# Mr nice guy and blue dream



## King24 (May 9, 2013)

Mr nice guy killer stone. Blue dream always a good smoke. Two of my favorites


----------



## GandalfdaGreen (May 9, 2013)

I love Shantibaba. Howard I could care less about.


----------



## yoitsstoopkid (May 9, 2013)

I've had both Mr. Nice Guy and Blue Dream, but if I had to choose I'd have to go w Mr Nice Guy. I heard awesome things anout Blue Dream but the strain I had was nice and chill, but I've def had better. Ever try Cinderella99? Thats the shittt


----------



## ILikePotAlot (May 9, 2013)

yoitsstoopkid said:


> I've had both Mr. Nice Guy and Blue Dream, but if I had to choose I'd have to go w Mr Nice Guy. I heard awesome things anout Blue Dream but the strain I had was nice and chill, but I've def had better. Ever try Cinderella99? Thats the shittt


Cinderella99 now that is the shittt

My ultimate high "Pakalolo"


----------



## yoitsstoopkid (May 9, 2013)

ILikePotAlot said:


> Cinderella99 now that is the shittt
> 
> My ultimate high "Pakalolo"


Definitely, it's a rush man lol I've never geeked out harder than on some Cinderella99! Too bad I'll never see it in my spot again, but dayyumm it was some shit, SATIVA heaven!

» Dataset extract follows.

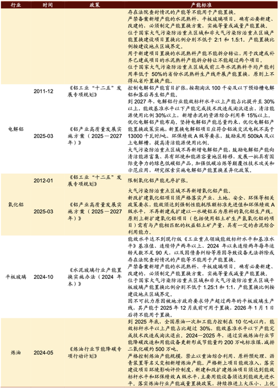 化解产能结构性问题的另一大手段遏制产能盲目扩张:从历史经验来看,可通过1)通过设置硬性技术、环保、能耗、安全等标准,提高行业准入门槛;2)通过投资审查、项目备案等政府行政管理方式控制新增产能;3)产能置换,要求新建或改造产能通过等量或减量置换方式来淘汰落后产能同时控制新增产能。

You smoke anything similar man? I've been trying to find something similar but no luck yet lol


----------



## ILikePotAlot (May 10, 2013)

For real mate that ethereal high doesn't come along everyday, that's what i think make sativas so special. Like a fine wine where indica is a nice Brandy. Dr Grinspoon only other I could say came close to either but if you get a chance try Pakalolo that shits an orgasm in your mind.


----------



## texin (May 10, 2013)

I like blue dream never been impressed with the mr. nice guy thats comes around here


----------